Key Advantages of the System
- High Efficiency: The hardware accelerator processes MNIST digit recognition tasks with significantly reduced latency compared to software-only implementations.
- Portability: The compact design of the Arty Z7 makes this solution highly portable, and suitable for both educational and industrial applications.
- Ease of Use: The integration of Jupyter Notebooks provides a user-friendly interface for developers and non-technical users alike.
HW Setup
Flow to capture the image and feed it into the CNN HW Accelerator
Converting the image into feedable form for the CNN HW Accelerator
Final Result
Pre-processing improves the accuracy of detection
Innovation for the Challenge
While many participants rely on pre-existing hardware accelerators and the Xilinx Deep Processing Unit (DPU), this project takes a different approach by building a custom CNN hardware accelerator from scratch. This deliberate design choice provides a transparent view into how the internals of machine learning (ML) accelerators function, giving developers and learners deeper insight into the underlying principles of AI hardware.

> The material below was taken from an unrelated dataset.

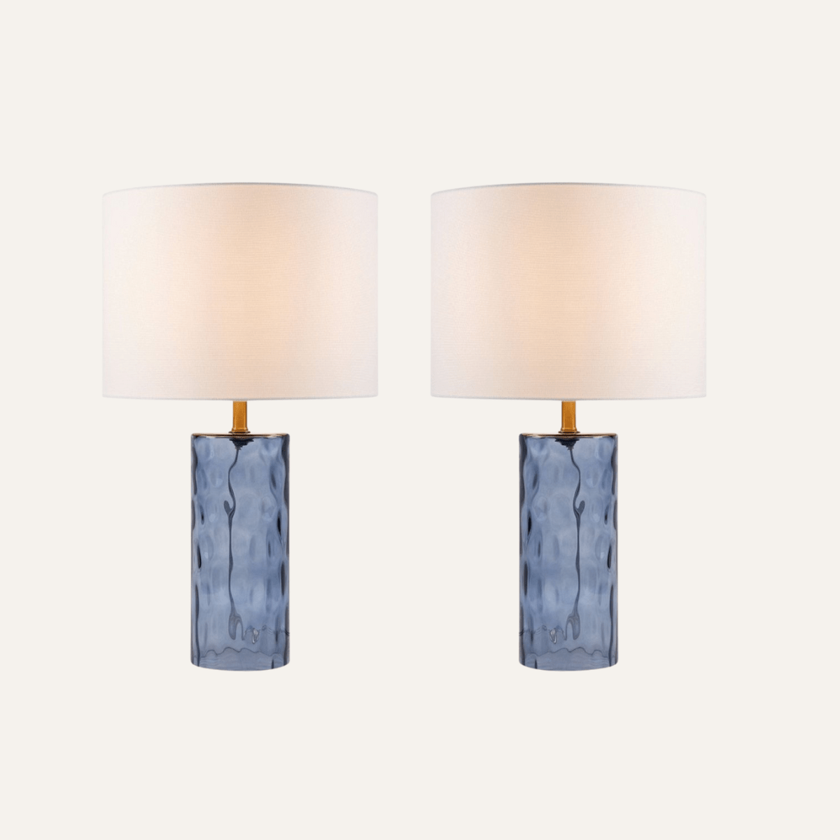 The lamp is crafted from durable water ripple blue glass and a metal neck with a brass plating finish. The shade is classic white fabric.

By creating the accelerator from the ground up, this project showcases:
- Core Building Blocks of ML Hardware: From convolution and activation functions to pooling and fully connected layers, each component of the CNN is meticulously implemented in the FPGA fabric. This approach not only enhances efficiency but also demystifies the operations that drive neural networks in hardware.
- Fine-Grained Optimization: Unlike generic accelerators, this custom implementation is tailored specifically for the MNIST dataset, leveraging optimizations such as reduced fixed-point data representation and efficient memory utilization to minimize hardware resource usage while maintaining accuracy.
- Educational Value: By exposing the internal workings of the CNN accelerator, this project serves as an excellent learning tool for understanding the trade-offs and design considerations involved in hardware-based AI systems.
This custom approach demonstrates a mastery of hardware design principles and highlights the effort to go beyond black-box solutions. It not only meets the challenge requirements but also inspires others by illustrating how ML accelerators work at a fundamental level. This sets the project apart as a standout contribution to the Element14 Eye on Intelligence Challenge, showcasing innovation, skill, and a commitment to advancing knowledge in the field of AI and embedded systems.
I thank the Element14 community for giving me this opportunity!